Figure 9.5.1 : RL circuit for transient response analysis.

Again, the key to this analysis is to remember that inductor current cannot change instantaneously. When power is first applied, the circulating current must remain at zero. Therefore no voltage drop is produced across the resistor, and by KVL, the voltage across the inductor must equal the source, \(E\). This establishes the initial rate of change of current via Equation 9.2.9 \((di/dt = E/L)\) and is represented by the dashed red line in the graph of Figure 9.5.2 . As the current starts to increase, the voltage drop across the resistor begins to increase. This reduces the voltage available for the inductor, thus slowing the rate of change of current. This is depicted by the solid red curve on the graph. Meanwhile, the solid blue curve represents the decreasing inductor voltage. Thus, in the RL circuit, the inductor's voltage curve echoes the RC circuit's current curve (or resistor voltage curve), and the RL current curve echoes the RC circuit's capacitor voltage curve.

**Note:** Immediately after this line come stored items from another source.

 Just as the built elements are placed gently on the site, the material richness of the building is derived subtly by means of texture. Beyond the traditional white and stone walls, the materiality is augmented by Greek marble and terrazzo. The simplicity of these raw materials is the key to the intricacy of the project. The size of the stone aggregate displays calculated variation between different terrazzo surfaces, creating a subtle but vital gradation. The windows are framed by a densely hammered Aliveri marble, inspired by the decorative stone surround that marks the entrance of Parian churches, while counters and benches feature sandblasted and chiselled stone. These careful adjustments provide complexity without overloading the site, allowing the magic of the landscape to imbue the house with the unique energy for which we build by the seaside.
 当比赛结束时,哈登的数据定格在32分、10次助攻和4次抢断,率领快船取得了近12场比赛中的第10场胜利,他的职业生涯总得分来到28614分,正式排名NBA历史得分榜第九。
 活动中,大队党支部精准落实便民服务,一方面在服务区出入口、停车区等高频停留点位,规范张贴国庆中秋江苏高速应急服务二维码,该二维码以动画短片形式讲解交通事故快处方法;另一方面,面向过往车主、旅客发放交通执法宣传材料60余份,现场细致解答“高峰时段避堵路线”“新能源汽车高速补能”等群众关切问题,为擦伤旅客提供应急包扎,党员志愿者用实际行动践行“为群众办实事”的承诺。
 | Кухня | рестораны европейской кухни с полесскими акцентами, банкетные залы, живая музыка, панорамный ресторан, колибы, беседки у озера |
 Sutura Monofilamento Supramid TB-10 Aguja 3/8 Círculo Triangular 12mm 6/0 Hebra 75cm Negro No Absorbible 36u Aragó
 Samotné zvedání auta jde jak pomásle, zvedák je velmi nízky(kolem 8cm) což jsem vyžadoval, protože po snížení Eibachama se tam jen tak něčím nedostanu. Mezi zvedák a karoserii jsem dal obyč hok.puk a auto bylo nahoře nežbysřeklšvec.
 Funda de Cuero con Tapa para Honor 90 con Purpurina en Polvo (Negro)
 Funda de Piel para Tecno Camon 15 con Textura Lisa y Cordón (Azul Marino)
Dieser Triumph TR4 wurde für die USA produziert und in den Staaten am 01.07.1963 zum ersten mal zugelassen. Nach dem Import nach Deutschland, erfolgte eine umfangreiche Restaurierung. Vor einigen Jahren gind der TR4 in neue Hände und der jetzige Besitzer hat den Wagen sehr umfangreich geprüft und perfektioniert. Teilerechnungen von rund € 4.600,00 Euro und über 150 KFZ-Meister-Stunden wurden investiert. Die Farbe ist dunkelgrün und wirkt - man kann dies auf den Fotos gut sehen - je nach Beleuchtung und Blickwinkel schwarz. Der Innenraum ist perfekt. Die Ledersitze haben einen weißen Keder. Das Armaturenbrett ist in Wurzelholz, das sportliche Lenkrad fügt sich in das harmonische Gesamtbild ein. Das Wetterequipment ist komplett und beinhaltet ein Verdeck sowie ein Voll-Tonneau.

The curves presented in Figure 9.5.2 are identical to those presented in Chapter 8 when we discussed capacitors. They are reproduced here for your convenience.

Figure 9.5.2 : Normalized charge and discharge curves.

As noted before, the rate of current change versus time is equal to \(\mathcal{v}/L\), and therefore in this case, \(E/L\). If the initial rate of change were to continue unabated, the maximum (steady-state) current, \(E/R\), would be reached in \(L/R\) seconds^{1}. Therefore the time constant for an RL circuit is:

\[\tau = \frac{L}{R} \label{9.13} \]

Once again, five constants will achieve steady-state.

Following the prior work on capacitors, the relevant equations for the RL circuit can be shown to be^{2}:

\[V_L (t) = E \epsilon^{− \frac{t}{\tau}} \label{9.14} \]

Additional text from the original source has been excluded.